Чтоб больше не шокировать своим видом и без того прибывающих в ступоре воинов, я быстро сменил свой облик на человеческий. И только сейчас ощутил, что вновь весь промок до нитки от вражьей крови. Хотя такое зрелище их ещё больше обескуражило. И мне уже пришлось самому подойти к ним вплотную, чтоб самолично порубить нескольких неугомонных кочевников. Которые поняв, что им больше некуда деться, так как со спины их надёжно подпёр укрытый щитами ощетинившийся копьями строй. Начали прорываться вперёд, где у них был шанс выскочить из того мешка, в который они угодили.

Проводив взглядом последние уцелевшие три не полных десятка ордынцев, что, нахлёстывая коней в диком порыве пронеслись мимо меня и огибая дома понеслись дальше. Я повернулся к так и замершим истуканами четверым воинам. – Ну как вы? – прежде чем повторить вопрос, пришлось сперва хлопнуть по плечу бывалого воина. – Докладывай!

– Сармат, воевода, это ты!?

– А то, кто же! – я попытался слегка улыбнуться, только улыбка вышла у меня слишком уж злобная.

– Так вот о чём ты глаголил! – начало наконец-то доходить до него.

Я осмотрелся кругом. От остальных воинов нас отделяло приличное расстояние и огромная гора трупов. Да и заняты все были тем, что ходили над ними, выискивая и добивая среди них раненных, так что пока дела им до нас не было.

– Забудьте о том, что вы сейчас видели! – и внимательно посмотрел в глаза каждого. Каждый из них нервно сглотнул, только повстречавшись со мной взглядом и выдал утвердительный кивок.

– Как там дела у остальных? – перешёл я к насущному, что меня сейчас волновало намного больше, чем изумлённо-напуганные рожи соратников.



Лихо посмотрел в сторону поля, но отсюда было толком не разглядеть, что же там на самом деле сейчас происходит. И собрав уцелевших воинов мы побежали к выходу из деревни, чтоб на самом её краю увидеть лишь то, как в нашу сторону на всех парах скачет Лутоня, а за ним еле поспевая, ещё с пол сотни латников. Остальные же продолжали копошиться на поле, занимаясь оказанием помощи своим раненным, и добивая уцелевших врагов. Всё это однозначно говорило о том, что мы всё-таки победили!

Лёжа на животе в высокой траве, Лутоня не переставая гладил по шее лежащего рядом своего верного скакуна, чтоб тот ненароком не вздумал подняться. Обернулся назад, но из-за всё той же травы, что уже давно было пора скашивать на зимнюю заготовку корма для скота.

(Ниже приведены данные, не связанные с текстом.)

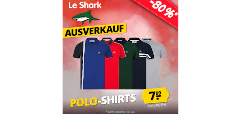 Bei Sportspar könnt ihr euch jetzt günstig mit neuen Poloshirts eindecken! Die Marke "Le Shark" wird von einem kleinen Hai-Logo markiert und ihr habt 33 verschiedene Farben und Designs zur Auswahl. Holt euch schnell noch eure Größe!

Только и смог, что рассмотреть двоих воинов, что также, как и он, прильнув всем своим телом к земле, находились сразу за ним. Развернулся обратно, и слегка приподнявшись на руках, попытался разглядеть поганых ордынцев, что в этот самый миг выходили из леса. Но толком ничего не увидел, и не став рисковать быть ими замеченным, улёгся обратно. Вместо этого припал ухом к земле и стал внимательно слушать, как та в ответ отзывается глухим гулом от бьющих в неё тысяч копыт и множества подпрыгивающих на дорожных кочках тележных колёс.

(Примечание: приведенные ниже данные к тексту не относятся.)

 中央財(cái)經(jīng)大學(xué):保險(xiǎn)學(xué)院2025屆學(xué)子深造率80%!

Затаил дыхание, в ожидании сигнала к атаке от дозорного, что вот-вот должен был раздаться над полем. По его мнению, тот давно должен был прозвучать, но всё никак не хотел разноситься над полем. Время шло, а того по-прежнему не было. Теряя терпение, он всё чаще ловил себя на мысли, что сейчас не удержится и приподнимет из травы голову, чтоб самому тщательно оглядеть всю округу. Но вовремя вспомнив слова воеводы, которые он произнёс на прощанье каждому из троих командиров, ещё и пригрозил своим здоровенным кулачищем. – Чтоб даже чихом никто из вас и ваших бойцов себя не выдал! – а посему было видно, что мужик он серьёзный и на ветер своих слов не бросает. Сказал, что лично голову оторвёт, значит так оно и будет.

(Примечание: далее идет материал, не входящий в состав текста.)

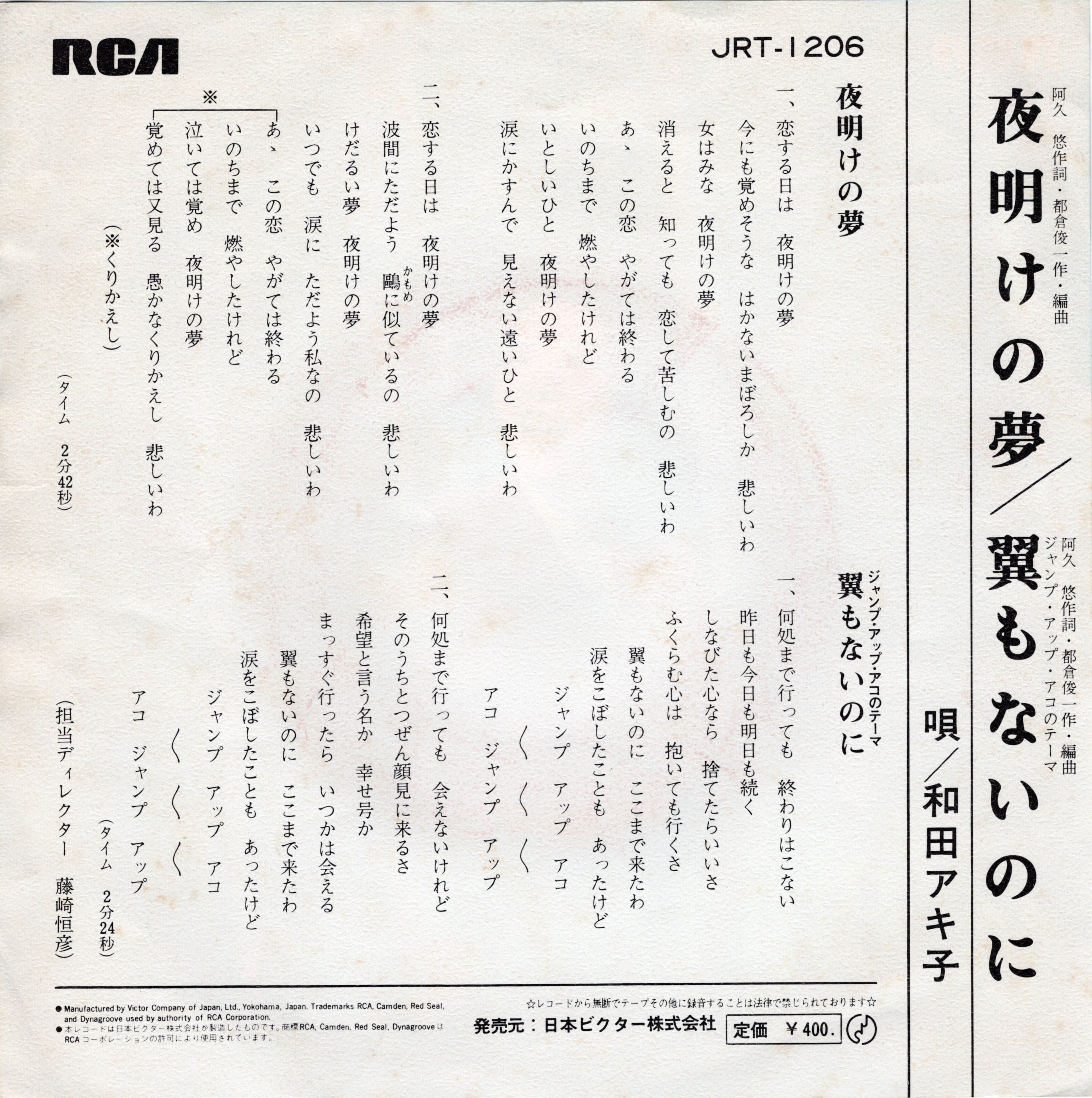 【7″】和田アキ子 夜明けの夢 / ジャンプ・アップ・アコのテーマ 翼もないのに

Да и сколько он таких помнил, но не бывало на его памяти ещё таких воевод, чтоб о воинах пуще себя пеклись. Всяких он успел повидать за свою ратную службу: и таких, что рубаками были отменными, и первыми в бой бросались и последними из него выходили, и тех, которые в бой лично совсем не спешили. И даже таких, которые дружину свою без счёта на поле брани ложили, лишь бы к князю потом с высоко поднятой головой подойти и доложить, что ворог повержен.

Но этот совсем не такой. Странный он какой-то! Хотя в чём-странность-то его заключается, Лутоня всё никак не мог взять в толк? То, что он о дружине печётся, слышал даже, что он с самим Миролюбом поспорил, чтобы тот харчей им в дорогу побольше подкинул. Ведь изначально задумал прожить с дружиной дольше, чем им был отмерен срок выданного в дорогу пайка.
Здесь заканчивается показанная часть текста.